Book Review

In the natural world, species evolve . . . or they die. The same genetic imperative operates in business.

This observation opens Charles H. Fine’s Clockspeed: Winning Industry Control in the Age of Temporary Advantage, which combines a metaphoric analysis of changing business climates with suggestions for survival. “Clockspeed” is Fine’s term for the rate of industrial evolution. “Clockspeed is to business genetics what life cycles are to human genetics,” he explains.

Fine, professor of management and director of the Technology Supply Chain Research Project at MIT’s Sloan School of Management, found inspiration for his book in that genetics-lab hero, the fruit fly. Because many fruit fly generations pass in a short time span, it has been our master teacher in the field of genetics. If we could just identify industrial equivalents to the fruit fly, Fine thought, we could gain comparable insights into the ‘genetic’ changes in business – that is, what would happen over ‘generations’.

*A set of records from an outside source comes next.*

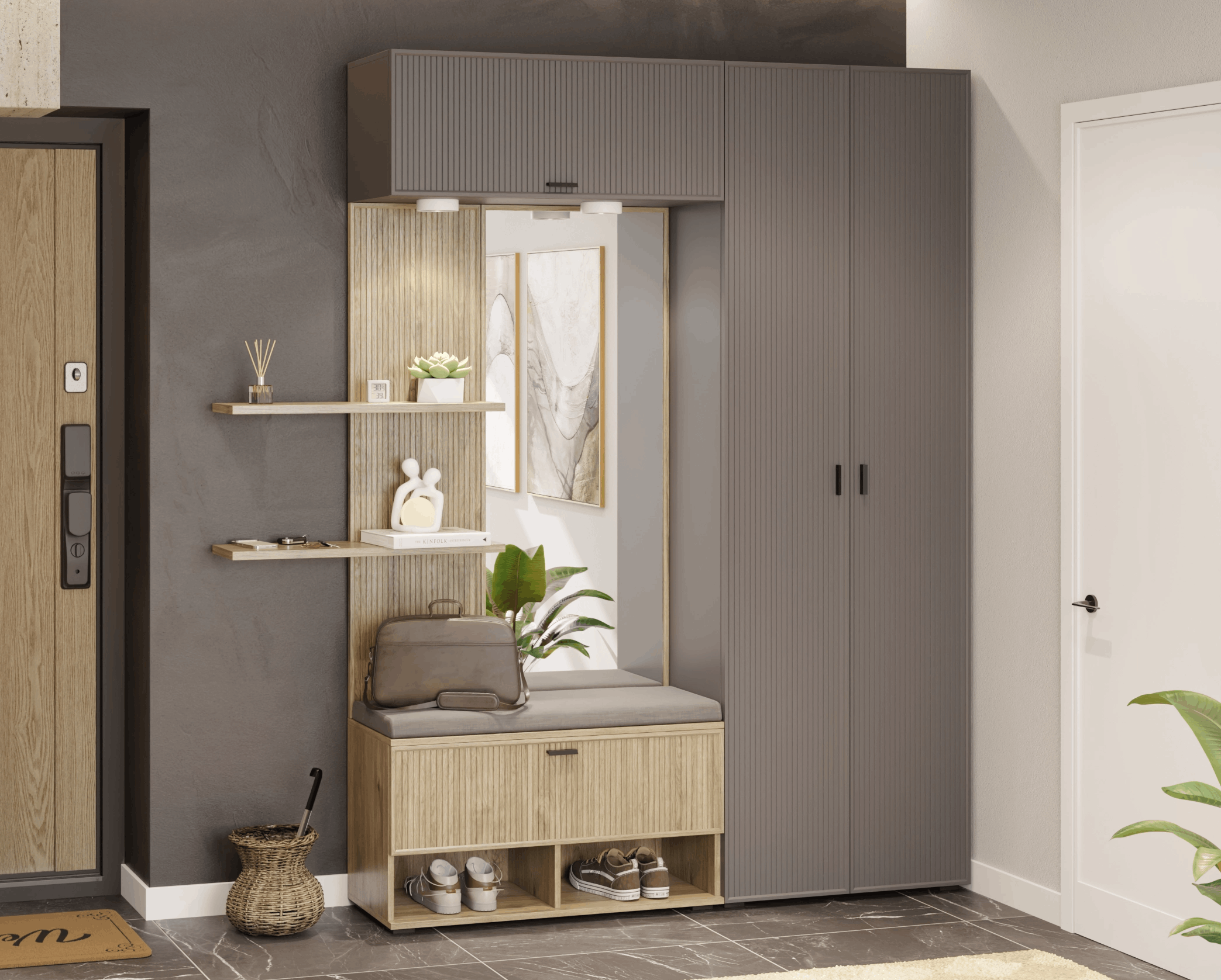 Модульная прихожая Стелла композиция 2 (Серый Оникс Ребристый/Гикори Светлый Ребристый) Код I0000455839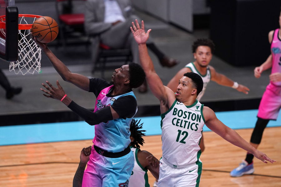 Jan 6, 2021; Miami, Florida, USA; Miami Heat center Bam Adebayo (13) shoots the ball in front of Boston Celtics forward Grant Williams (12) during the second half at American Airlines Arena. Mandatory Credit: Jasen Vinlove-USA TODAY Sports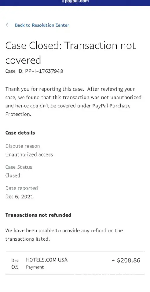 I disputed with PayPal and they denied the claim so I am contacting Hotels.com directly
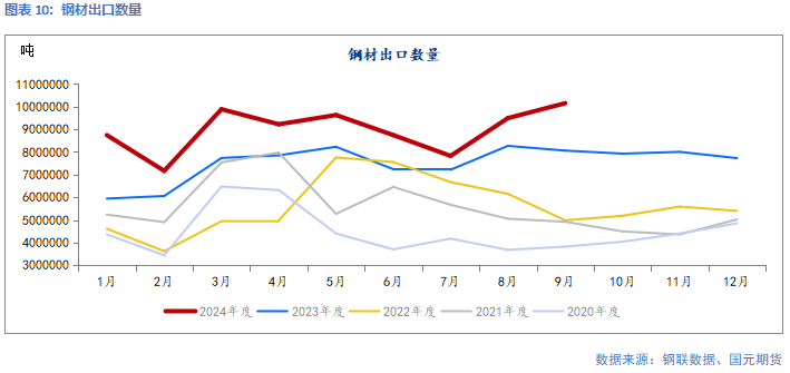 出口方面,9月中国出口钢材1015.3万吨,较上月增加65.8万吨,环比增长6.9%;1-9月累计出口钢材8071.1万吨,同比增长21.2%。近日韩国对中国热轧或合金中厚板发起反倾销调查。根据中国海关数据,近年来中国出口至韩国涉案产品数量在130-140万吨左右。在逆全球化加强的背景下,钢材出口增量预计难延续。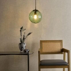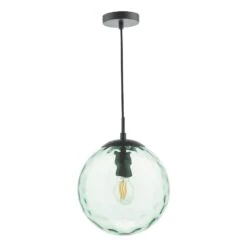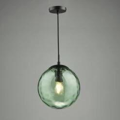 The Ripple Pendant Matt Black & Green Glass is a beautiful yet understated ripple glass pendant with a black braided cable. The Ripple pendant features a simple yet stylish matt black metal frame, with a green glass shade that mimics calm water. The height is adjustable on installation, allowing you to set it at the perfect height. Use alone or group several together for an eclectic display. Whether you prefer a minimalist or maximalist style, the Ripple pendant is sure to add a touch of style to your space.
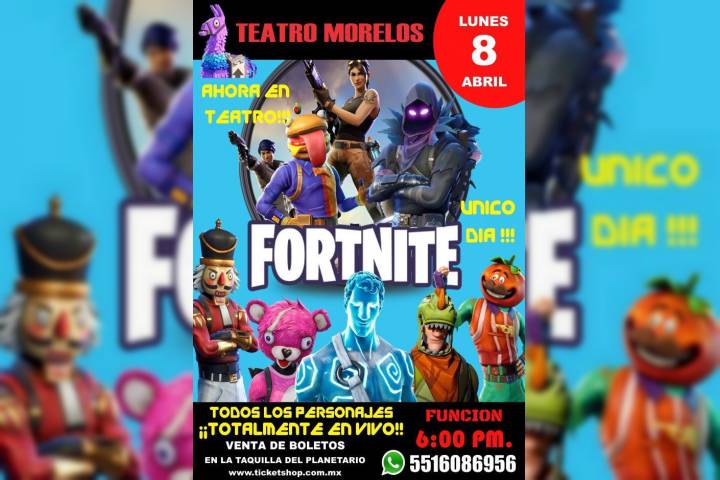 NOTICIAS 24/03/2019Fortnite llega a Morelia con todos sus personajes en Abril Fortnite, el videojuego más famoso del mundo llega por primera vez al Teatro Morelos con su espectáculo original para niños y gamers el próximo 8 de abril con una sola función en punto de las 18:00 horas.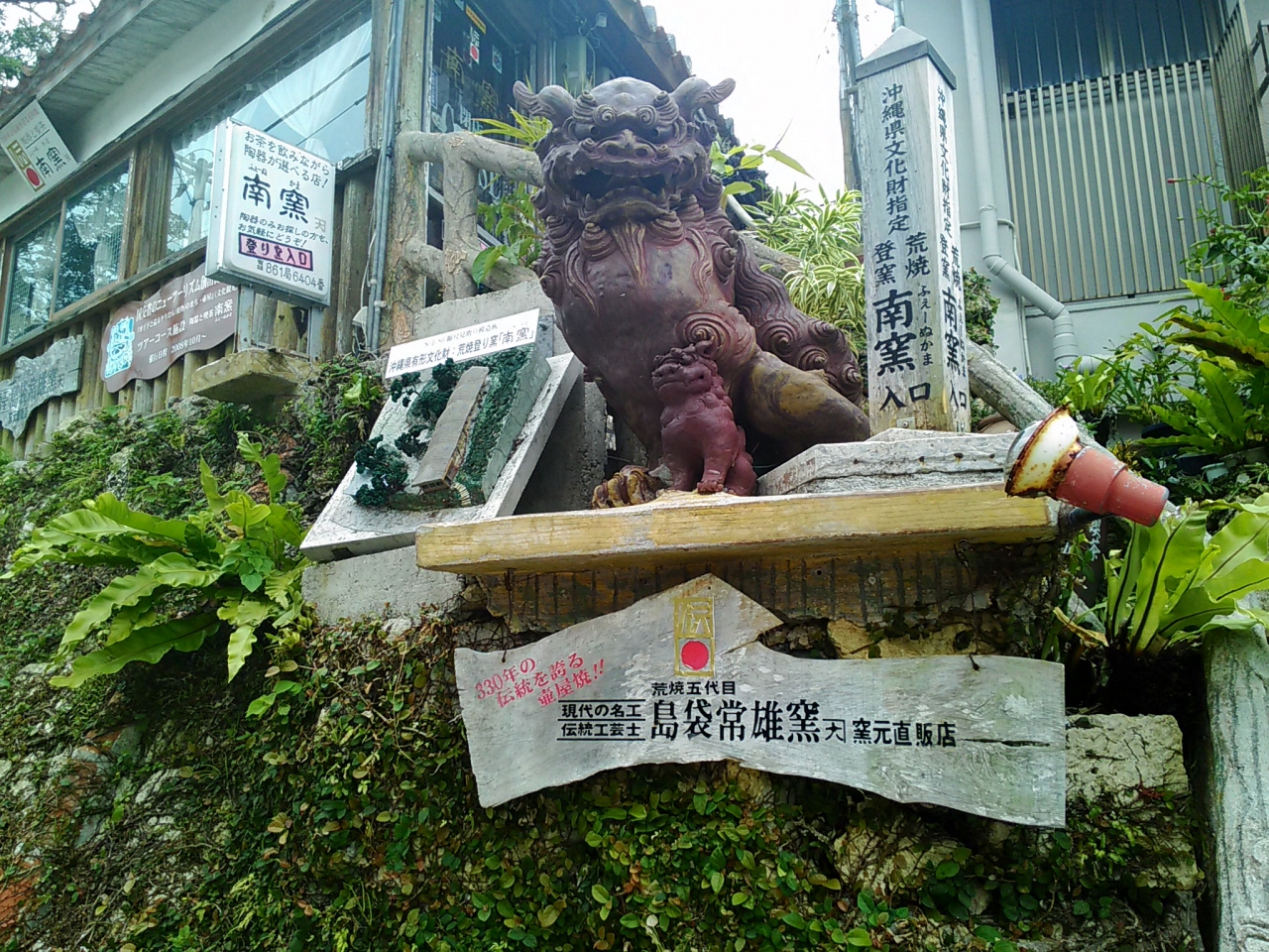 壺屋のやちむん通りにある南窯というやちむんを焼く登り窯と併設する形でカフェがあります。入り口から階段を上がってカフェに入り、カフェを通りすぎると、南窯という大きい登り窯があります。登り窯だけを見学したい人もどうぞと書いてあります。カフェでは実際に壺屋焼の器でコーヒーなどを楽しめたり、販売もしているそうです。

Fine’s metaphor – the dynamics of genetics and evolution hold true in business as they do in biology – works on many levels. Supply chains, for example, he likens to the protein chains of DNA. “By examining the ‘molecular’ structure of companies – their capability chains – business genetics helps us understand their mutation, evolution and eventual survival or demise,” he writes. For example, Chrysler Corp. undertook an in-depth study of its own value chain in the early 1990s. Beginning with the Jeep Grand Cherokee, it stepped up the chain, evaluating the source of the Jeep’s engine, its roller-lifter valve, the valve’s precision-machined metal castings and the casting clay used in the foundry. Chrysler was shocked to find that the supplier of this last crucial element was about to quit manufacturing casting clay and start making kitty litter instead! This evaluation of ‘molecular structure’ revealed what lay in Chrysler’s future, much the way genetic testing can inform a person of a potential health threat.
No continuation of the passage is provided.